── Exercise materials ──
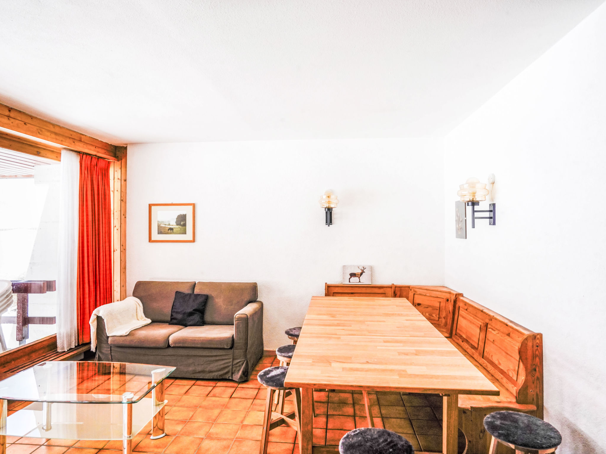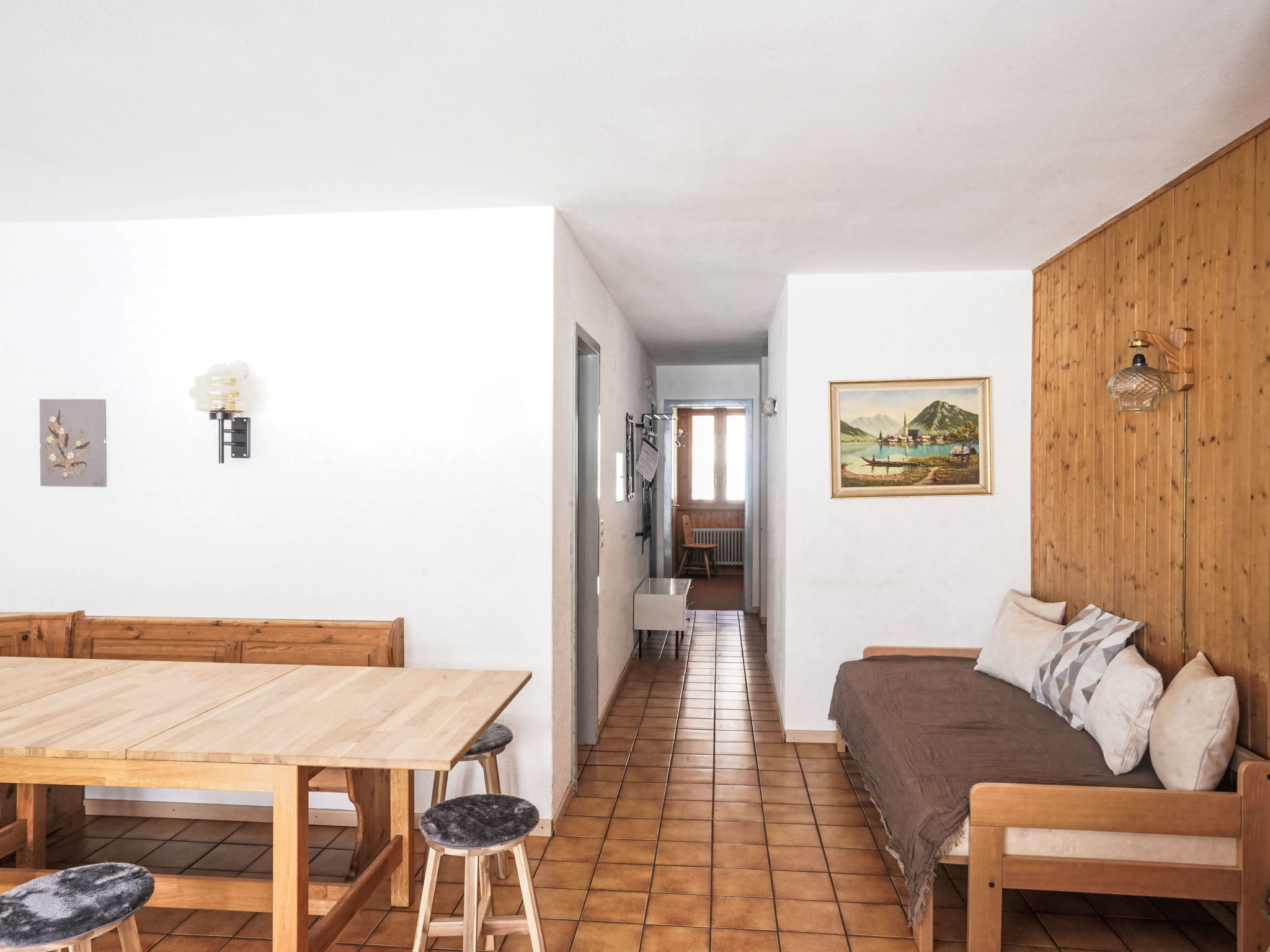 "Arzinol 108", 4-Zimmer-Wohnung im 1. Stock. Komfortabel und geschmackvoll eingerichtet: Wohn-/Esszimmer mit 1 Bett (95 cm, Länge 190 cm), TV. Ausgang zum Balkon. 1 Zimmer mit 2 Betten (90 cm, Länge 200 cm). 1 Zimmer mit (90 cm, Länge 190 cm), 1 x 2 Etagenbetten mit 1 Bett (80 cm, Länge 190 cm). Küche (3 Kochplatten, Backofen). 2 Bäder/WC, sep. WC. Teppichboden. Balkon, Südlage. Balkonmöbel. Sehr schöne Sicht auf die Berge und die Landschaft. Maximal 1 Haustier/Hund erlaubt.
───
── Exercise materials ──
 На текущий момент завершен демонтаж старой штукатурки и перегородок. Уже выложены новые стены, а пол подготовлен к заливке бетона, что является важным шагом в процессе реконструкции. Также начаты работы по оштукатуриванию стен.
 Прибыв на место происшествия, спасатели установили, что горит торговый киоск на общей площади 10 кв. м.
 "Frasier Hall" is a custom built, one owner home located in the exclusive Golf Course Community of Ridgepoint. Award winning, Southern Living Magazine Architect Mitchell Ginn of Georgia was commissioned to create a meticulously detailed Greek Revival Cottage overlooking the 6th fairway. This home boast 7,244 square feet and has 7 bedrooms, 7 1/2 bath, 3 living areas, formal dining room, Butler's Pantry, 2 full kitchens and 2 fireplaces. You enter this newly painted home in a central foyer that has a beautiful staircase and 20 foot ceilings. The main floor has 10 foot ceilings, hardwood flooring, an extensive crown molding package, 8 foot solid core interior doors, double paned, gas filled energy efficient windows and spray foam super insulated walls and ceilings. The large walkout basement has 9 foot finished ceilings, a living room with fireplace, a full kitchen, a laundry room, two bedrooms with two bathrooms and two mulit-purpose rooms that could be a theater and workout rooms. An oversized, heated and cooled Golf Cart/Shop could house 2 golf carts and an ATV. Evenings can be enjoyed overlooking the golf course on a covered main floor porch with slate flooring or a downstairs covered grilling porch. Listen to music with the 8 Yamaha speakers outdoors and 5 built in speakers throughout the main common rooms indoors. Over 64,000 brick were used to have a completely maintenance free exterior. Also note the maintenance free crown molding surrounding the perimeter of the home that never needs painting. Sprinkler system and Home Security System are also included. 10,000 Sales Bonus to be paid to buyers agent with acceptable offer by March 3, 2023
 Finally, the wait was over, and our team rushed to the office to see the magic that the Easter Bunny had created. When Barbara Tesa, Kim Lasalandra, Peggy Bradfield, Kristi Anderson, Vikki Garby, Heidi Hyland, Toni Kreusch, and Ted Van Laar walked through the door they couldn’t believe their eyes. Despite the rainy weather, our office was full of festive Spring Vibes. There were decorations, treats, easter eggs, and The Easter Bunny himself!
───
Whatever else the listing above holds, retype exactly only the lines from the one containing "На текущий момент" to the one containing "March 3, 2023", both ends kept.

**Reply**.
 На текущий момент завершен демонтаж старой штукатурки и перегородок. Уже выложены новые стены, а пол подготовлен к заливке бетона, что является важным шагом в процессе реконструкции. Также начаты работы по оштукатуриванию стен.
 Прибыв на место происшествия, спасатели установили, что горит торговый киоск на общей площади 10 кв. м.
 "Frasier Hall" is a custom built, one owner home located in the exclusive Golf Course Community of Ridgepoint. Award winning, Southern Living Magazine Architect Mitchell Ginn of Georgia was commissioned to create a meticulously detailed Greek Revival Cottage overlooking the 6th fairway. This home boast 7,244 square feet and has 7 bedrooms, 7 1/2 bath, 3 living areas, formal dining room, Butler's Pantry, 2 full kitchens and 2 fireplaces. You enter this newly painted home in a central foyer that has a beautiful staircase and 20 foot ceilings. The main floor has 10 foot ceilings, hardwood flooring, an extensive crown molding package, 8 foot solid core interior doors, double paned, gas filled energy efficient windows and spray foam super insulated walls and ceilings. The large walkout basement has 9 foot finished ceilings, a living room with fireplace, a full kitchen, a laundry room, two bedrooms with two bathrooms and two mulit-purpose rooms that could be a theater and workout rooms. An oversized, heated and cooled Golf Cart/Shop could house 2 golf carts and an ATV. Evenings can be enjoyed overlooking the golf course on a covered main floor porch with slate flooring or a downstairs covered grilling porch. Listen to music with the 8 Yamaha speakers outdoors and 5 built in speakers throughout the main common rooms indoors. Over 64,000 brick were used to have a completely maintenance free exterior. Also note the maintenance free crown molding surrounding the perimeter of the home that never needs painting. Sprinkler system and Home Security System are also included. 10,000 Sales Bonus to be paid to buyers agent with acceptable offer by March 3, 2023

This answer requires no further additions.